What is needed
Every record must be repeated exactly; omit any pictures they contain.

━━━ Supplied records

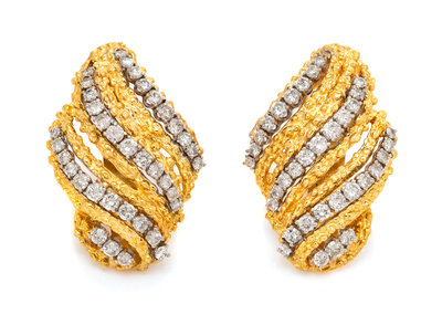 A Pair of 18 Karat Bicolor Gold and Diamond Earclips, 16.60 dwts.
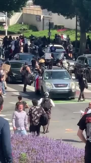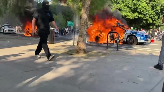 Footage shows the vehicles engulfed in flames, with rioters gathered on the streets on June 8. The suspects also targeted a number of police cars. 2025-06-10 11:25:57
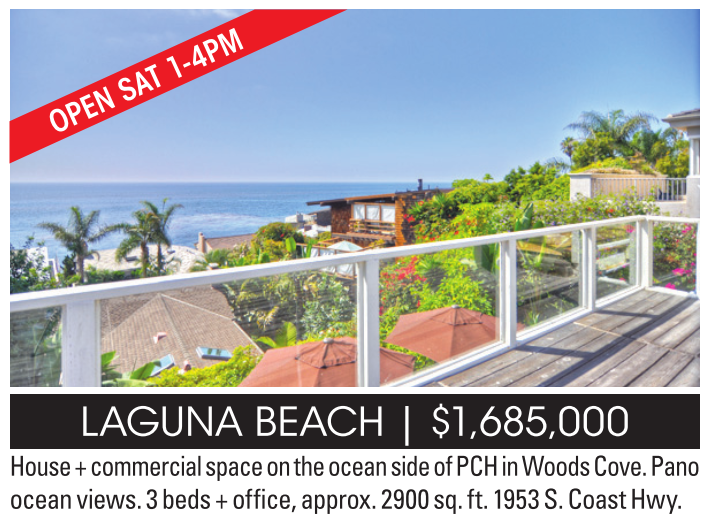 House + commercial space on the ocean side of PCH in Woods Cove. Pano ocean views. 3 beds + office, approx. 2900 sq. ft. 1953 S. Coast Hwy.
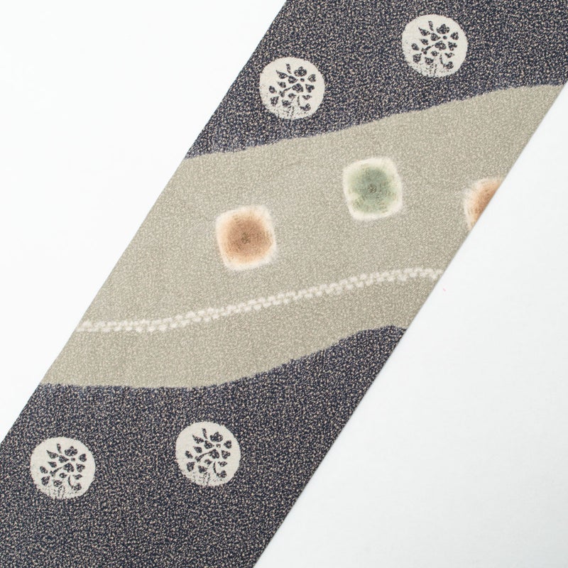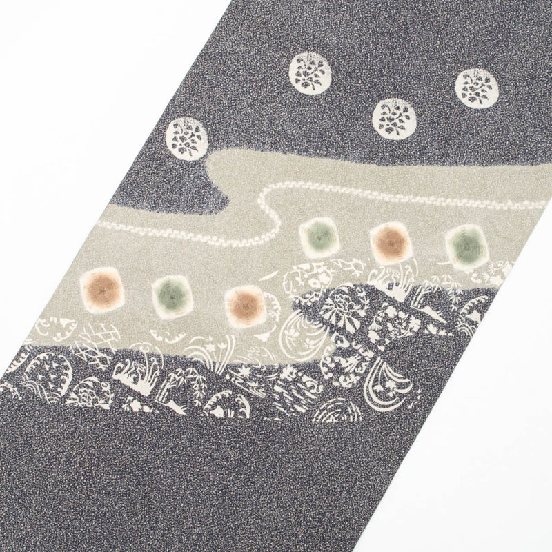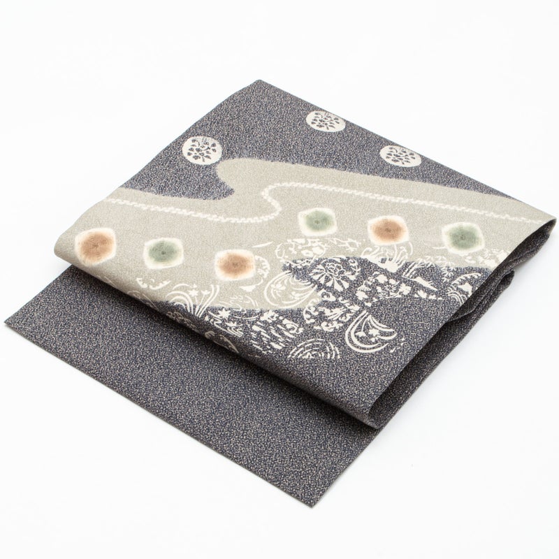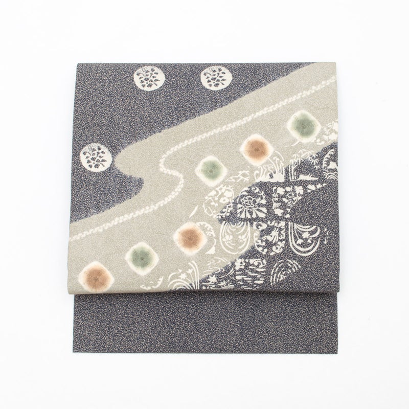 静かな夜の景色を思わせる墨色のたたき染めに、やわらかな曲線と愛らしい兎が浮かび上がる趣ある名古屋帯です。
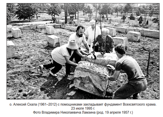 В 1995–1996 гг. западнее места, предназначенного для строительств абудущего собора (Спасо-Вознесенский собор), по инициативе и под руководством о. Алексия Скалы (в миру Алексей Владимирович Скала, 1961–2012) была построена малая (7) деревянная Всехсвятская церковь (архитекторы – А. И. Варюхин и Л. М. Варюхина). Она была устроена в стиле древнерусских деревянных храмов XV–XVII вв. (8) – одноглавый четверик с пощипцовыми завершениями фасадов, с притворами, трапезнойи звонницей.
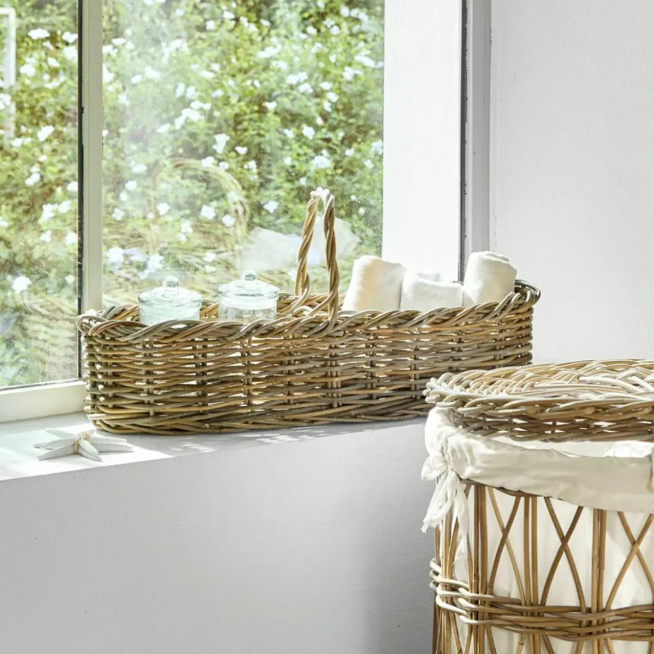 Dieser schöne Korb mit kunstvoller Flechttechnik besteht aus rein natürlichem Rattan und ist von Hand geflochten. Das schicke, schlanke Design ist sehr kreativ und vielseitig einsetzbar. Es hat zwei separierte Fächer und einen Tragegriff und könnte für Besteck, Trockenblumen, Dekorationen und vieles mehr verwendet werden. Auch Obst und Gemüse lassen sich ansprechend darin drapieren, sodass Aufbewahrung und Zierde sich charmant treffen. Hier sind Sie völlig frei in der Gestaltung und können sehr hübsche Akzente im Landhaus-Stil setzen, welche jedem Raum von Küche bis Wohnzimmer schmeicheln. Als Tischschmuck oder Deko-Highlight auf einer Anrichte wird es hiermit richtig gemütlich in Ihrem Zuhause.
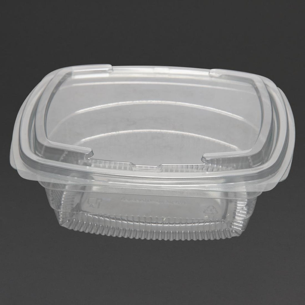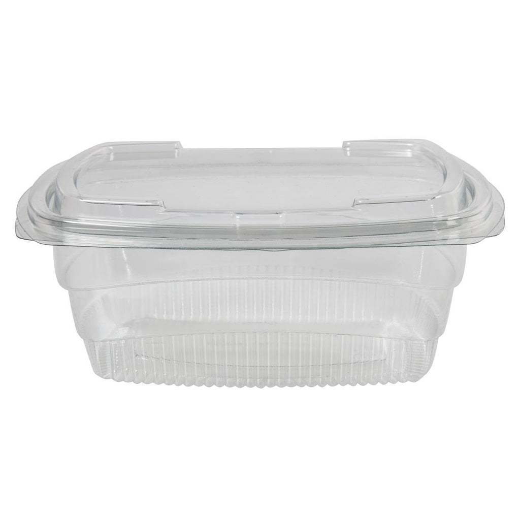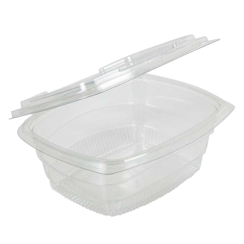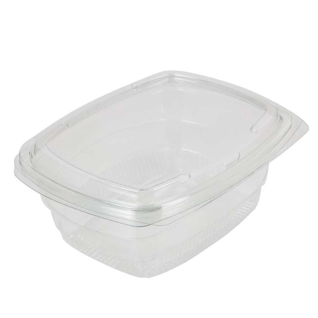 Eine Packung mit 300 x 35 Unzen stilvollen, praktischen und erschwinglichen Feinkostschalen, die zu 90 % aus recyceltem PET bestehen. Ideal zum Servieren von Salaten, Nudelgerichten und Obst.

━━━━━━

Result of this task
 A Pair of 18 Karat Bicolor Gold and Diamond Earclips, 16.60 dwts.
 Footage shows the vehicles engulfed in flames, with rioters gathered on the streets on June 8. The suspects also targeted a number of police cars. 2025-06-10 11:25:57
 House + commercial space on the ocean side of PCH in Woods Cove. Pano ocean views. 3 beds + office, approx. 2900 sq. ft. 1953 S. Coast Hwy.
 静かな夜の景色を思わせる墨色のたたき染めに、やわらかな曲線と愛らしい兎が浮かび上がる趣ある名古屋帯です。
 В 1995–1996 гг. западнее места, предназначенного для строительств абудущего собора (Спасо-Вознесенский собор), по инициативе и под руководством о. Алексия Скалы (в миру Алексей Владимирович Скала, 1961–2012) была построена малая (7) деревянная Всехсвятская церковь (архитекторы – А. И. Варюхин и Л. М. Варюхина). Она была устроена в стиле древнерусских деревянных храмов XV–XVII вв. (8) – одноглавый четверик с пощипцовыми завершениями фасадов, с притворами, трапезнойи звонницей.
 Dieser schöne Korb mit kunstvoller Flechttechnik besteht aus rein natürlichem Rattan und ist von Hand geflochten. Das schicke, schlanke Design ist sehr kreativ und vielseitig einsetzbar. Es hat zwei separierte Fächer und einen Tragegriff und könnte für Besteck, Trockenblumen, Dekorationen und vieles mehr verwendet werden. Auch Obst und Gemüse lassen sich ansprechend darin drapieren, sodass Aufbewahrung und Zierde sich charmant treffen. Hier sind Sie völlig frei in der Gestaltung und können sehr hübsche Akzente im Landhaus-Stil setzen, welche jedem Raum von Küche bis Wohnzimmer schmeicheln. Als Tischschmuck oder Deko-Highlight auf einer Anrichte wird es hiermit richtig gemütlich in Ihrem Zuhause.
 Eine Packung mit 300 x 35 Unzen stilvollen, praktischen und erschwinglichen Feinkostschalen, die zu 90 % aus recyceltem PET bestehen. Ideal zum Servieren von Salaten, Nudelgerichten und Obst.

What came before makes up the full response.